**What you will do**
Set down the data below in full, exactly as it reads, but without the pictures.

**Provided material**
▬▬▬

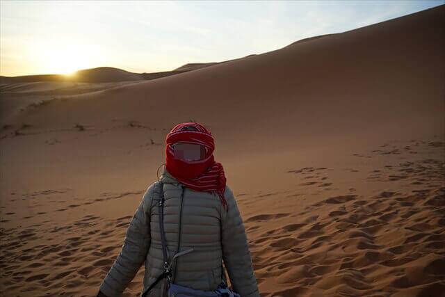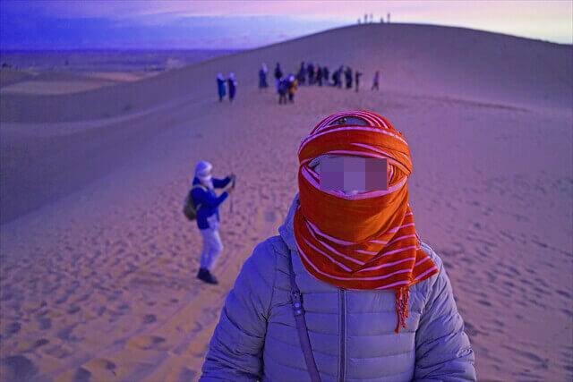 顔はフェズで寒さ対策のため購入したサボテンシルクのストールをベルベル人にターバンの様に上手に巻いてもらいました。
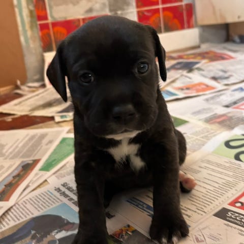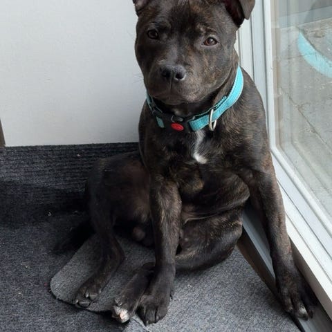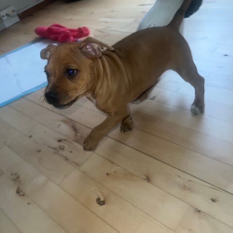 Hun er en Staffordshire Bull terrier. Hun bliver 2 til oktober, har lige fået vaccine og sundshedtjek. Har Stamtavle.
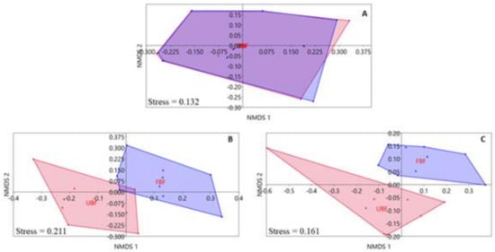 The unconstrained (nMDS) ordination of sites based on values of environmental variables from the catchment (A) and the local scales: riparian habitat characteristics (B), riparian integrity condition scores (C). Unbuffered sites (UBF) = red, forested buffered sites (FBF) = blue.
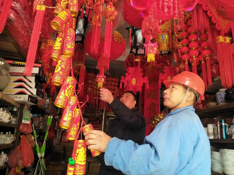 1月29日,農(nóng)歷臘月二十四是南方的小年,江西省浮梁縣城到處張燈結(jié)彩,處處是濃濃的年味,圖為一顧客正在電子鞭炮。由于近年來禁止燃放鞭炮,這種安全、噪音小、無污染的電子鞭炮受到老百姓的青睞

▬▬▬

**Written reply**
 顔はフェズで寒さ対策のため購入したサボテンシルクのストールをベルベル人にターバンの様に上手に巻いてもらいました。
 Hun er en Staffordshire Bull terrier. Hun bliver 2 til oktober, har lige fået vaccine og sundshedtjek. Har Stamtavle.
 The unconstrained (nMDS) ordination of sites based on values of environmental variables from the catchment (A) and the local scales: riparian habitat characteristics (B), riparian integrity condition scores (C). Unbuffered sites (UBF) = red, forested buffered sites (FBF) = blue.
 1月29日,農(nóng)歷臘月二十四是南方的小年,江西省浮梁縣城到處張燈結(jié)彩,處處是濃濃的年味,圖為一顧客正在電子鞭炮。由于近年來禁止燃放鞭炮,這種安全、噪音小、無污染的電子鞭炮受到老百姓的青睞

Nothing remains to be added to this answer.